** SOURCE MATERIAL **

= = = =

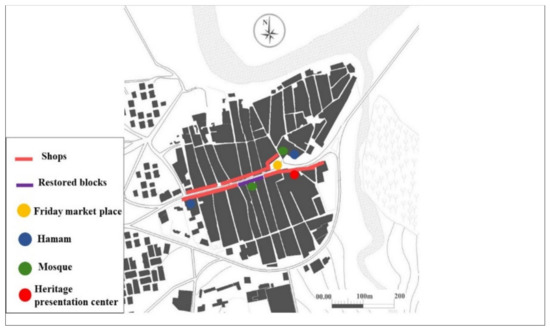 The study of Testour’s urban functionality highlights the importance of the residential function in the first instance. The number of households amounts to 8291 households, i.e., 4.05 persons/household. The number of dwellings is equal to 9384 units, or 0.88 households per dwelling. The old town center, at the heart of urban life, has three relatively wide longitudinal arteries, connected in an orthogonal manner by narrower side streets, delimiting stacked blocks. The main roads include the souk. The souk of Testour has a median road (east–west) with commercial and artisanal activities. It is the main axis of the medina, separating the Hara district from the Andalusian and the Tagarin districts. It also hosts the merchants and traders of a weekly Friday market. Most of the stores appear closely linked to the main religious buildings. The souk of Testour probably dates from the first half of the 17th century. The souk is almost exclusively occupied by stores. Figure 8 shows that no dwelling house comes between the shops. It includes, however, some public buildings, including mosques. Another striking fact about the souk of Testour is the absence of specialization, which is unlike the Tunisian medinas. The city has nevertheless preserved an important commercial activity. Trade, services, and commercial equipment present Testour’s most important activities and are characterized by a recovery minimally satisfied. Trade is spread over the main arteries of the city with a large concentration on the longitudinal axis of the medina, which is only the souk (Figure 8). It includes small shops and basic services. Trade in the city of Testour used to be based mainly on crafts. The secondary longitudinal streets are not as lively as the main artery. The transversal lanes are secondary routes with a private character. They open onto the surrounding valley of the medina. The hierarchy of lanes highlights the social practice in Testour in relation to the distribution of daily, weekly, or exceptional activities. A wide road is a road of exchange, whereas a narrow road is a privatized road, experienced as a dead end, although it does not present the configuration of a real dead end.
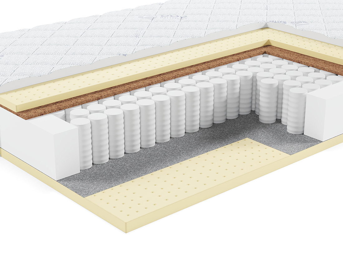 В пружинном блоке, усовершенствованное расположение пружин в виде пчелиных сот, позволяет увеличить плотность пружин до 320 пр/м2. Благодаря этому матрасы обладают исключительной устойчивостью к повышенным нагрузкам на протяжении длительного времени.
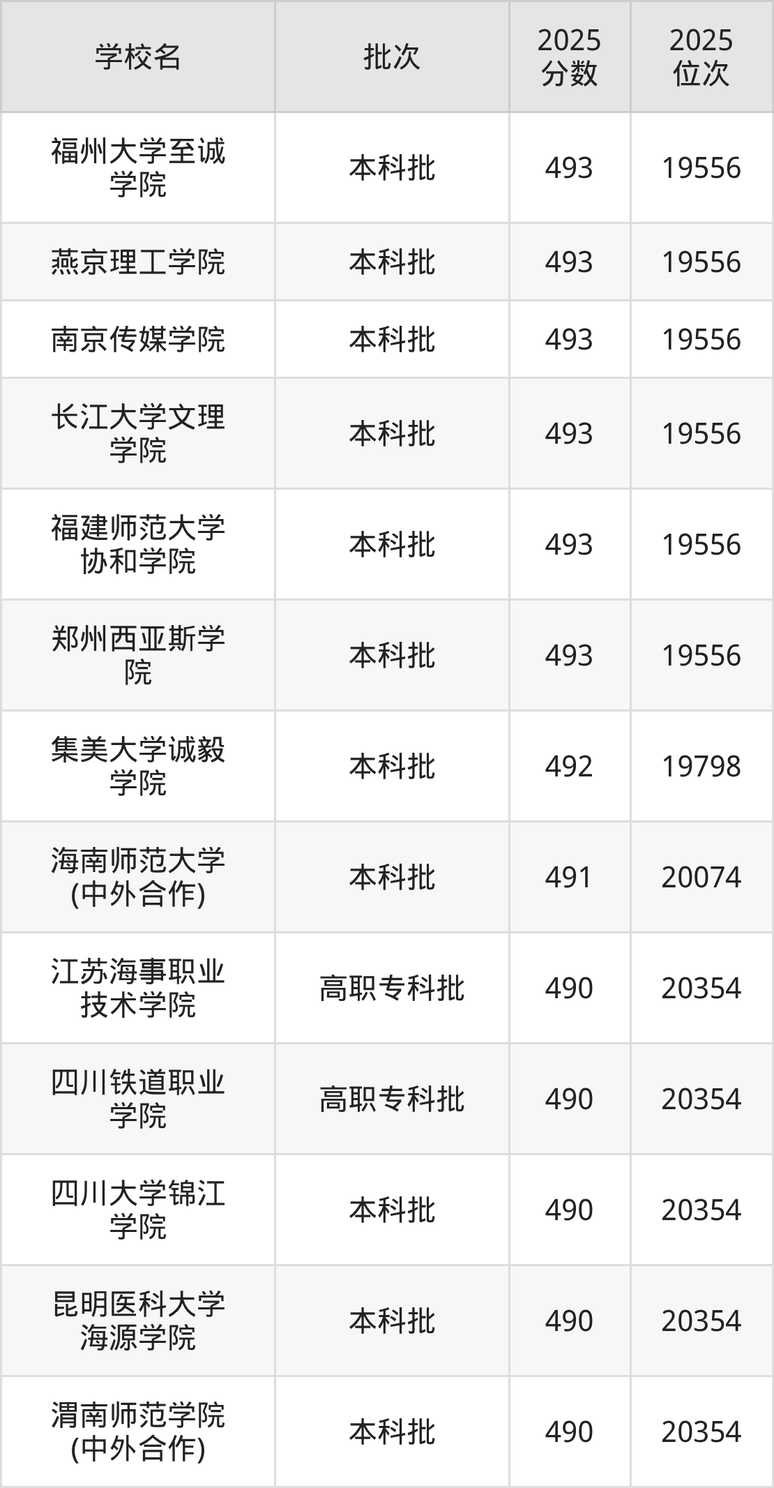 这些都是2026年高考历史类19799名~20074名考生可以报考的大学,更多学校名单如下表所示:
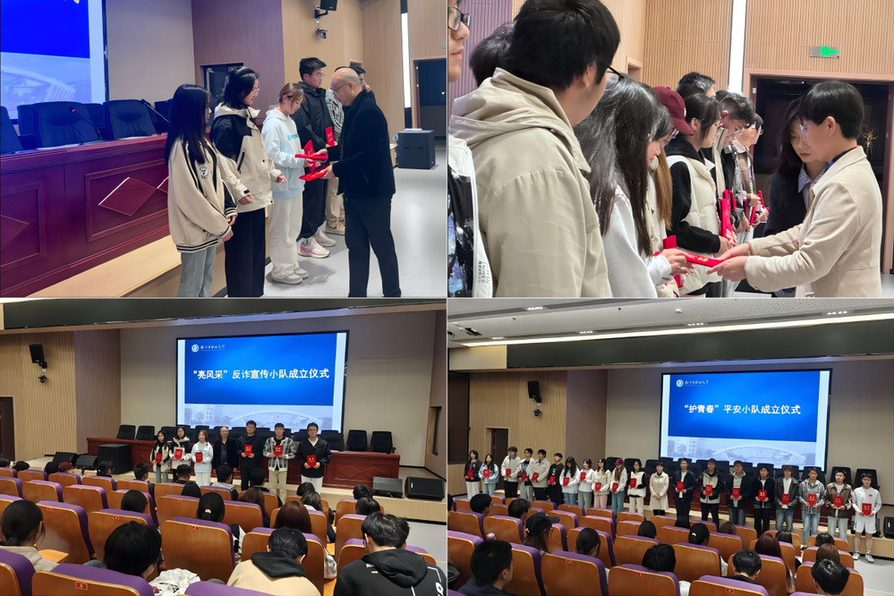 11月13日晚,电子工程学院在高邮湖校区图书馆一楼报告厅举办“护青春”平安小队、“亮风采”反诈宣传小队成立大会,学院领导、辅导员、班主任代表以及2024级全体学生参加了活动。

= = = =

Return the full listing exactly as written, without any of its images.

** PROBLEM SOLUTION **
 The study of Testour’s urban functionality highlights the importance of the residential function in the first instance. The number of households amounts to 8291 households, i.e., 4.05 persons/household. The number of dwellings is equal to 9384 units, or 0.88 households per dwelling. The old town center, at the heart of urban life, has three relatively wide longitudinal arteries, connected in an orthogonal manner by narrower side streets, delimiting stacked blocks. The main roads include the souk. The souk of Testour has a median road (east–west) with commercial and artisanal activities. It is the main axis of the medina, separating the Hara district from the Andalusian and the Tagarin districts. It also hosts the merchants and traders of a weekly Friday market. Most of the stores appear closely linked to the main religious buildings. The souk of Testour probably dates from the first half of the 17th century. The souk is almost exclusively occupied by stores. Figure 8 shows that no dwelling house comes between the shops. It includes, however, some public buildings, including mosques. Another striking fact about the souk of Testour is the absence of specialization, which is unlike the Tunisian medinas. The city has nevertheless preserved an important commercial activity. Trade, services, and commercial equipment present Testour’s most important activities and are characterized by a recovery minimally satisfied. Trade is spread over the main arteries of the city with a large concentration on the longitudinal axis of the medina, which is only the souk (Figure 8). It includes small shops and basic services. Trade in the city of Testour used to be based mainly on crafts. The secondary longitudinal streets are not as lively as the main artery. The transversal lanes are secondary routes with a private character. They open onto the surrounding valley of the medina. The hierarchy of lanes highlights the social practice in Testour in relation to the distribution of daily, weekly, or exceptional activities. A wide road is a road of exchange, whereas a narrow road is a privatized road, experienced as a dead end, although it does not present the configuration of a real dead end.
 В пружинном блоке, усовершенствованное расположение пружин в виде пчелиных сот, позволяет увеличить плотность пружин до 320 пр/м2. Благодаря этому матрасы обладают исключительной устойчивостью к повышенным нагрузкам на протяжении длительного времени.
 这些都是2026年高考历史类19799名~20074名考生可以报考的大学,更多学校名单如下表所示:
 11月13日晚,电子工程学院在高邮湖校区图书馆一楼报告厅举办“护青春”平安小队、“亮风采”反诈宣传小队成立大会,学院领导、辅导员、班主任代表以及2024级全体学生参加了活动。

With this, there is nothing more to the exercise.